2020년 4월 24일 (금) 오전 11:51, Johannes Weiner <hannes@xxxxxxxxxxx>님이 작성:
>
> On Fri, Apr 24, 2020 at 09:44:42AM +0900, Joonsoo Kim wrote:
> > On Mon, Apr 20, 2020 at 06:11:24PM -0400, Johannes Weiner wrote:
> > > @@ -412,31 +407,43 @@ struct page *__read_swap_cache_async(swp_entry_t entry, gfp_t gfp_mask,
> > >                      */
> > >                     cond_resched();
> > >                     continue;
> > > -           } else if (err)         /* swp entry is obsolete ? */
> > > -                   break;
> > > -
> > > -           /* May fail (-ENOMEM) if XArray node allocation failed. */
> > > -           __SetPageLocked(new_page);
> > > -           __SetPageSwapBacked(new_page);
> > > -           err = add_to_swap_cache(new_page, entry, gfp_mask & GFP_KERNEL);
> > > -           if (likely(!err)) {
> > > -                   /* Initiate read into locked page */
> > > -                   SetPageWorkingset(new_page);
> > > -                   lru_cache_add_anon(new_page);
> > > -                   *new_page_allocated = true;
> > > -                   return new_page;
> > >             }
> > > -           __ClearPageLocked(new_page);
> > > -           /*
> > > -            * add_to_swap_cache() doesn't return -EEXIST, so we can safely
> > > -            * clear SWAP_HAS_CACHE flag.
> > > -            */
> > > -           put_swap_page(new_page, entry);
> > > -   } while (err != -ENOMEM);
> > > +           if (err)                /* swp entry is obsolete ? */
> > > +                   return NULL;
> >
> > "if (err)" is not needed since "!err" is already exiting the loop.
>
> But we don't want to leave the loop, we want to leave the
> function. For example, if swapcache_prepare() says the entry is gone
> (-ENOENT), we don't want to exit the loop and allocate a page for it.

Yes, so I said "if (err)" is not needed.
Just "return NULL;" would be enough.

> > > +
> > > +   /*
> > > +    * The swap entry is ours to swap in.
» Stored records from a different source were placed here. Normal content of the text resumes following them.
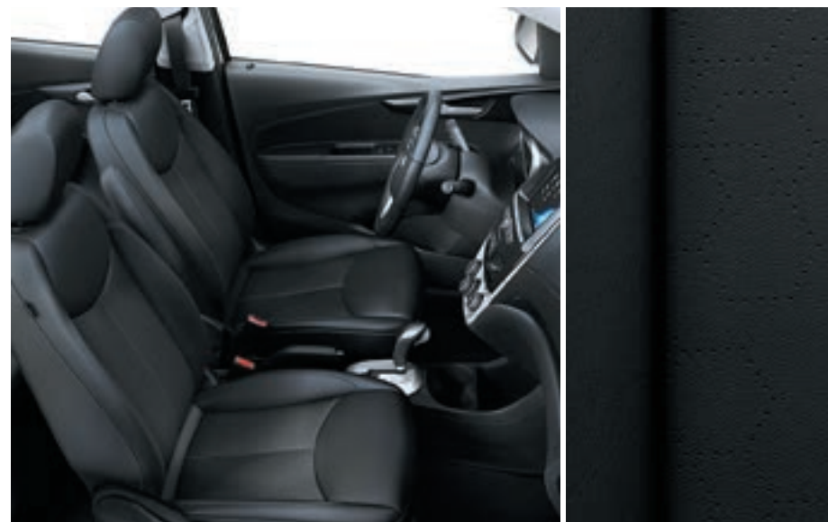
Jet Black Leatherette with Piano Black Dash Trim 2 (Dash Trim also available in White)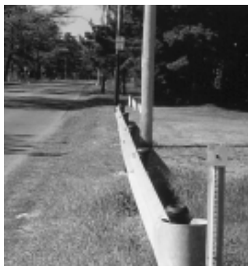
Beam guardrail will deflect several feet before it restrains a vehicle. This installation is dangerous. Also, there does not appear to be a good reason to install guardrail at this location.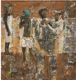
Kaloki Nyamai Ivinda Inene (Big Day), 2021 Acrylic and collage on canvas 152 x 140 cm 59 7/8 x 55 1/8 in (G1957KNK015)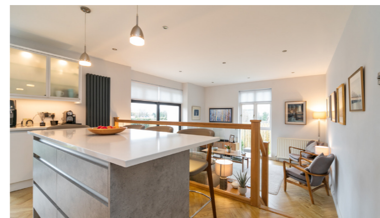
Steps down to bright living room with high ceiling and double aspect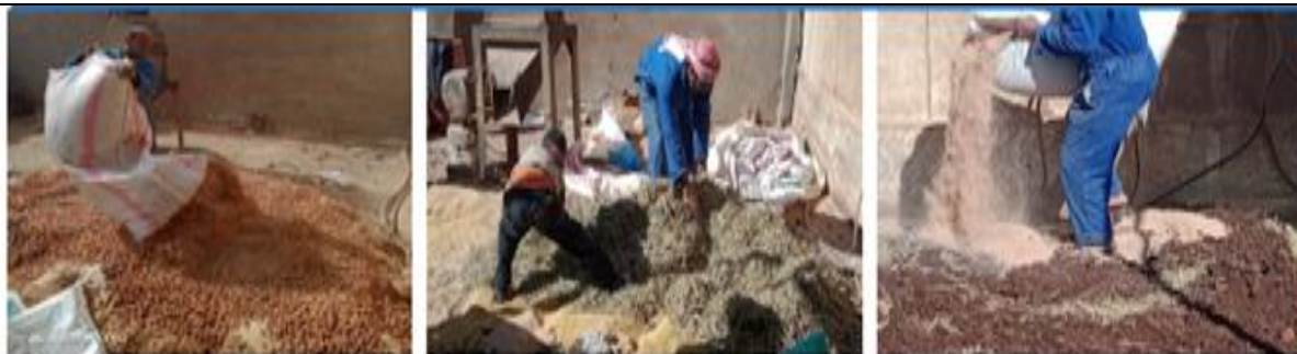
b. Mixing fibrous chopped materials with agro-industrial by-products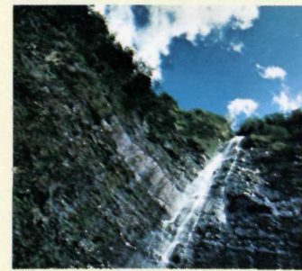
Like a slender, white veil, Waimoku Falls tumbles down from high above the forest.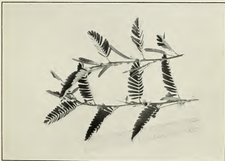
FIG. 1.—TAMARINDILLO ( CASSIA CHAMAECRISTA ).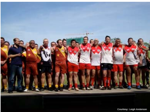
Vietnam Swans sing the national anthem on Anzac Day after someone forgot the CD.

Follow the Swan's exploits on the website http://vietnamswans.com/ . It is the most active website in Asian football. As we can not win a game, we might as well win something.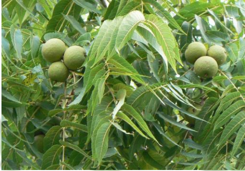
Black Walnut Parts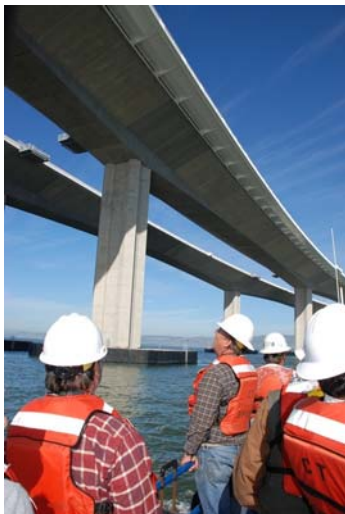
Taking it all in!

The next “stop” provided an excellent view of the section of the old bridge damaged during the LPE. Piston-like elements have been attached diagonally across the upper and lower deck, to repair and strengthen the section. Steel salvaged from the repair by construction workers was artistically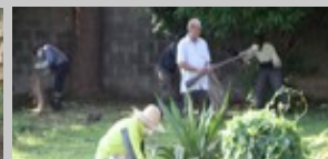
Survey on filovirus in bats (Zambia)

3. Cultivation of an ability to collaborate through participation in joint research and support for conferences by international administrative organizations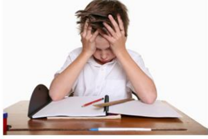
Test: to prove genuine and to refine

“prove” genuine. God tests us to refine us like silver. God doesn’t want us to fail. God intends us to pass the test. God places these brothers in a do-over position so this family can confront their messy past and create a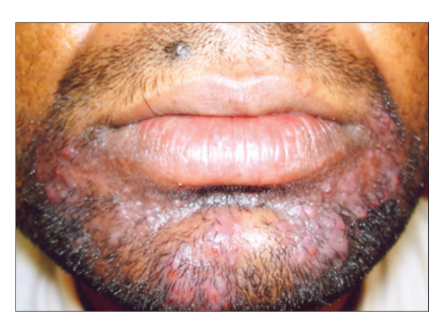
Figure 1: Inflammatory nodules and plaques with superficial crusting and oozing on beard region

A 31-year-old male schoolteacher presented with mildly pruritic erythematous crusted plaques and nodules studded with pustules on chin and left malar region of 20 days duration [Figures 1-2]. He complained of increased itching and burning sensation after application of soap, aftershave lotion and perfume. He was not using any other cosmetic. He had no previous history of atopy, drug allergy, photosensitivity or any systemic complaints. He occasionally visited the barber's shop for shaving his beard. There were no pets at home.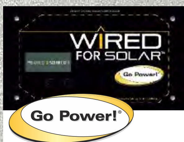
Solar Roof Prep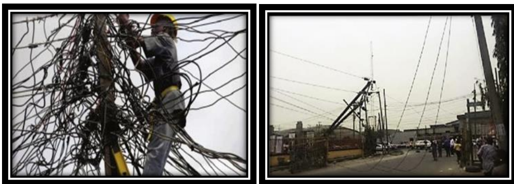
Fig.9(a-b). Showing very untidy and Unsafe Electrical Installation/fit-outs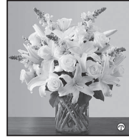
1-800-Flowers.com developed a sympathy advice and etiquette online resource guide.

To further help, 1-800-Flowers.com has created an online sympathy hub for tips and advice, directly from experts, on how best to express sympathy and condolences. Topics include Appropriate Sympathy Etiquette Across Different Religions, How to Write a Eulogy, How to Create a Memory Garden and How to Cope With Grief Around the Holidays.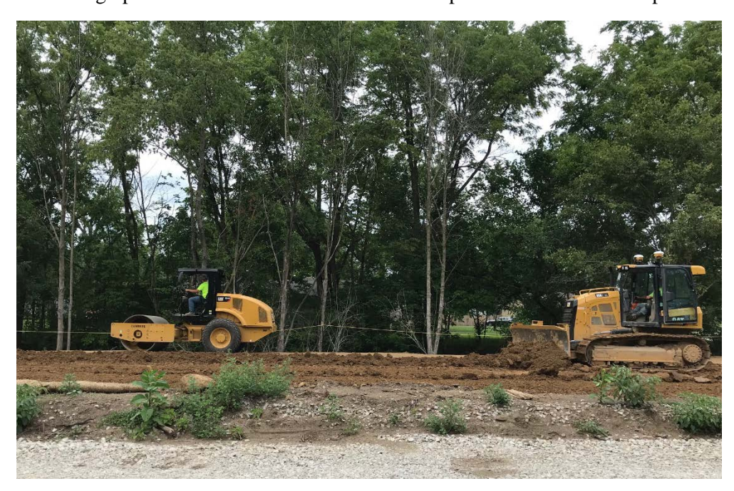
Photograph 2: Dust suppression of haul road with water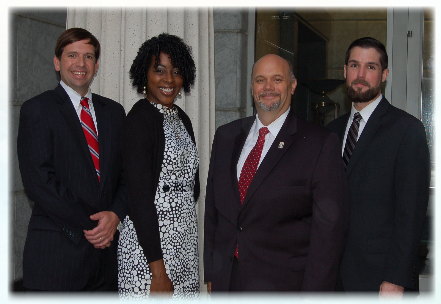
COMMISSIONER JEREMY H. ODEN'S STAFF

On a State level, Commissioner Oden was highly involved in electricity generation and load growth issues, alternative energy use, gas pipeline safety, railway safety, transportation regulation, intra-state port issues, rural broadband development, and large economic development projects. Commissioner Oden held local meetings, spoke at conferences, and met with local businesses and industries to update them on the regulatory issues in our State.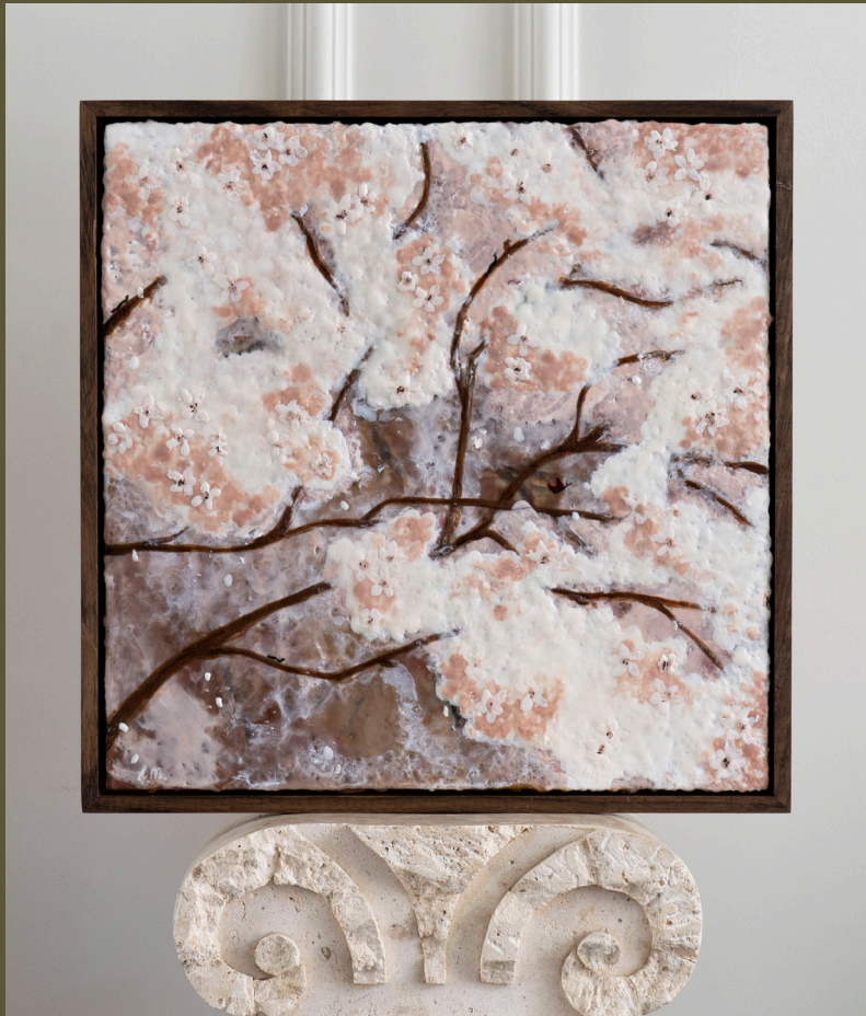
Let us remember | 40x40cm Encaustic & oil on wood Handmade ovangkol frame SOLD

Prepare a new page.
> > > +    */
> > > +
> > > +   page = alloc_page_vma(gfp_mask, vma, addr);
> > > +   if (!page)
> > > +           goto fail_free;
> > > +
> > > +   __SetPageLocked(page);
> > > +   __SetPageSwapBacked(page);
> > > +
> > > +   /* May fail (-ENOMEM) if XArray node allocation failed. */
> > > +   if (add_to_swap_cache(page, entry, gfp_mask & GFP_KERNEL))
> > > +           goto fail_unlock;
> > > +
> > > +   if (mem_cgroup_charge(page, NULL, gfp_mask & GFP_KERNEL, false))
> > > +           goto fail_delete;
> > > +
> >
> > I think that following order of operations is better than yours.
> >
> > 1. page alloc
> > 2. memcg charge
> > 3. swapcache_prepare
> > 4. add_to_swap_cache
> >
> > Reason is that page allocation and memcg charging could take for a
> > long time due to reclaim and other tasks waiting this swapcache page
> > could be blocked inbetween swapcache_prepare() and add_to_swap_cache().
>
> I see how that would be preferable, but memcg charging actually needs
> the swap(cache) information to figure out the cgroup that owned it at
> swapout, then uncharge the swapcache and drop the swap cgroup record.
>
> Maybe it could be done, but I'm not sure that level of surgery would
> be worth the benefits? Whoever else would be trying to swap the page
> in at the same time is likely in the same memory situation, and would
> not necessarily be able to allocate pages any faster.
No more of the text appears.